Learn more about the current database schema.

How to[edit]

Using Tool Labs requires familiarity with Unix/Linux command line, SSL keys, SQL/databases, and some programming.

To start using the Tool Labs, see this handy guide: R:Labs2/Getting started with Tool Labs. The steps are summarized as follows:

register labs account (register)
- Add your public SSH key under preferences
request access to Tool Labs (request)
SSH to tools.wmflabs.org using your private SSH key

Existing tools[edit]

See http://tools.wmflabs.org/

Support[edit]

On IRC: #wikimedia-labs on Freenode, a great place to ask questions, get help, and meet other Tool Lab developers. See Help:IRC for more information.

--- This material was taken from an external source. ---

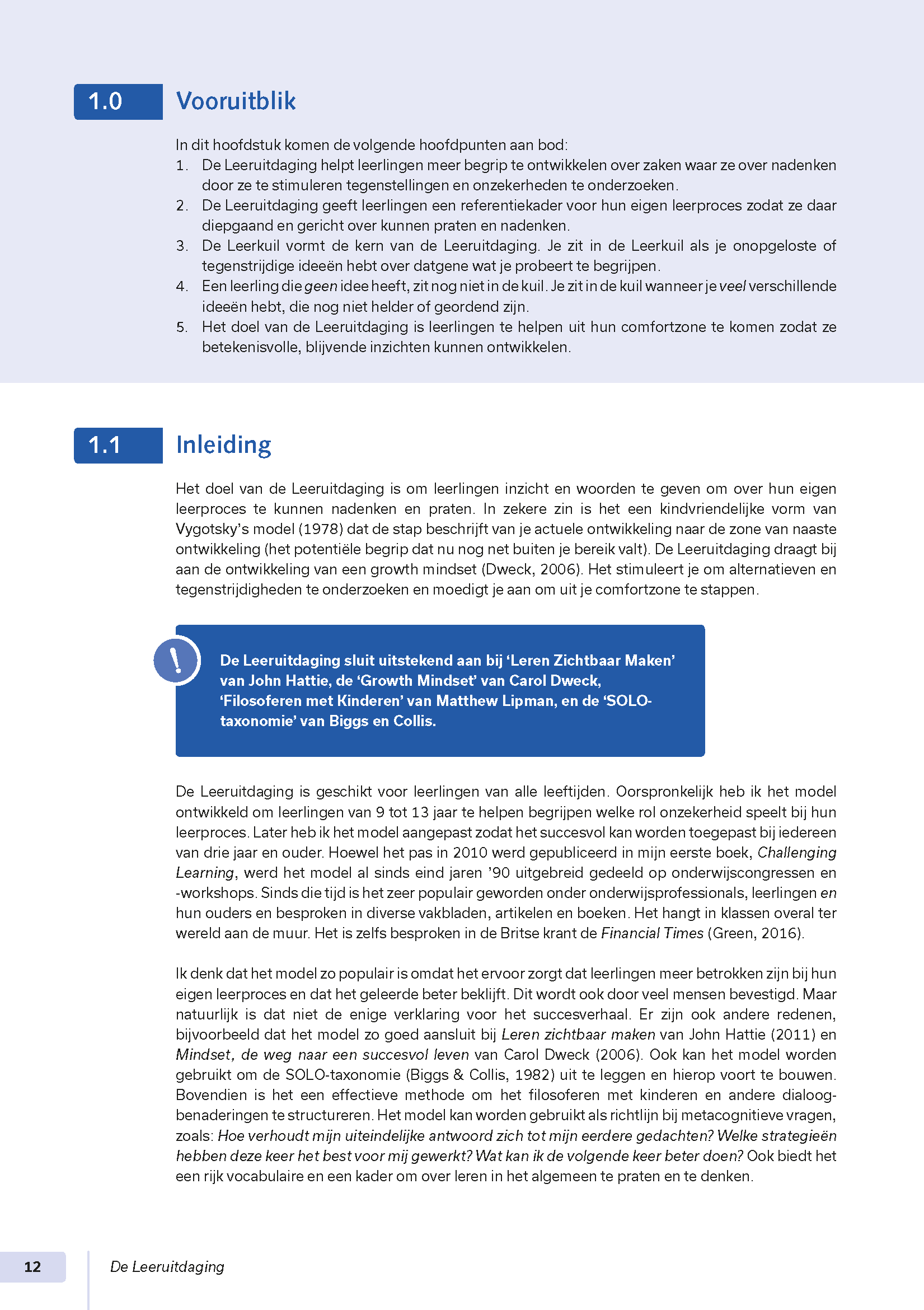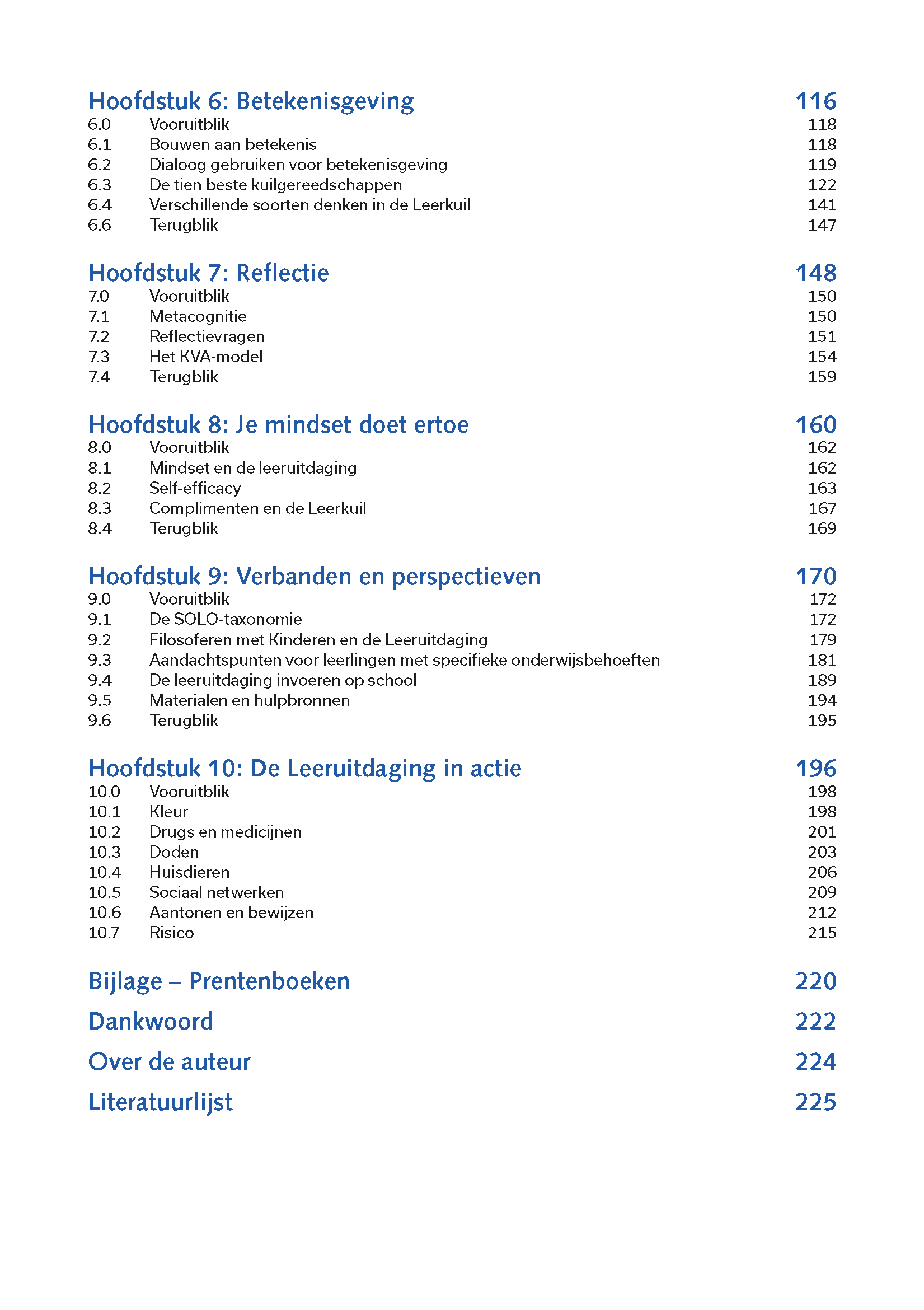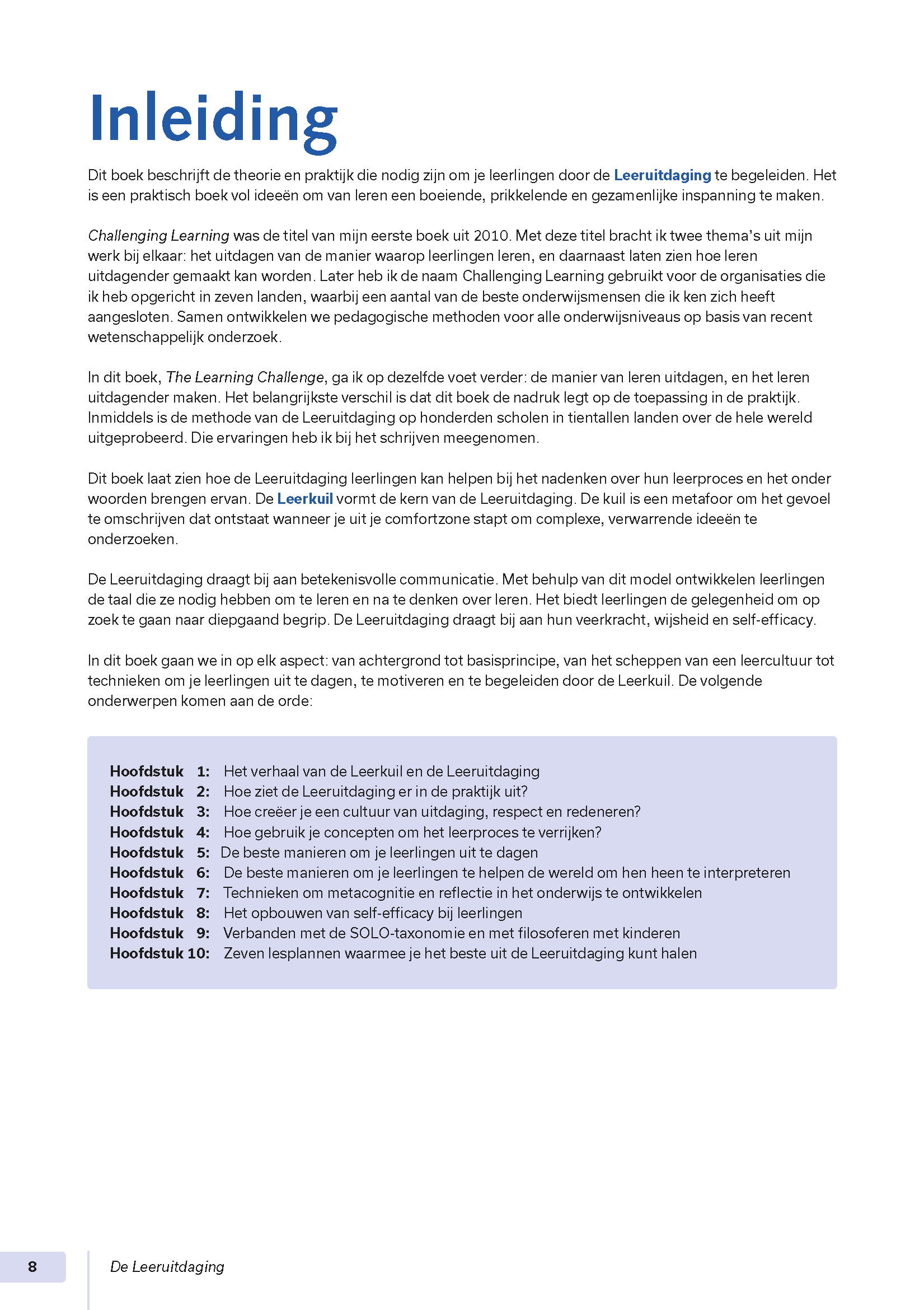 Hoe vaker een leerling de Leeruitdaging doormaakt, hoe groter de kans dat hij of zij een growth mindset ontwikkelt. De concrete lesplannen, technieken en denktools in dit boek helpen je om leerlingen in het primair en voortgezet onderwijs door de Leeruitdaging te begeleiden.

Via mailing list: Labs-l@lists.wikimedia.org A list for announcements and discussion related to the Wikimedia Labs project. You can find the archives here: http://lists.wikimedia.org/pipermail/labs-l/

Found a bug?: Bugs can be posted to Bugzilla: https://bugzilla.wikimedia.org/enter_bug.cgi?product=Wikimedia%20Labs&component=tools

Projects using Tool Labs / Toolserver data[edit]

On the old toolserver:

"Circadian patterns of Wikipedia editorial activity: A demographic analysis" analyzed "34 Wikipedias in different languages [trying] to characterize and find the universalities and differences in temporal activity patterns of editors", with the underlying data provided by the German Wikimedia chapter from the toolserver.
"Feeling the Pulse of a Wiki: Visualization of Recent Changes in Wikipedia" describes a tool hosted on Toolserver providing Recent Changes visualization to aid admins

Recent changes stream[edit]

See wikitech:RCStream to subscribe to Recent changes to all Wikimedia wikis. This broadcasts edits and other changes as they happen; confirmation that an edit has completed is typically faster over this than through the browser. You specify the wikis whose edits you want to receive.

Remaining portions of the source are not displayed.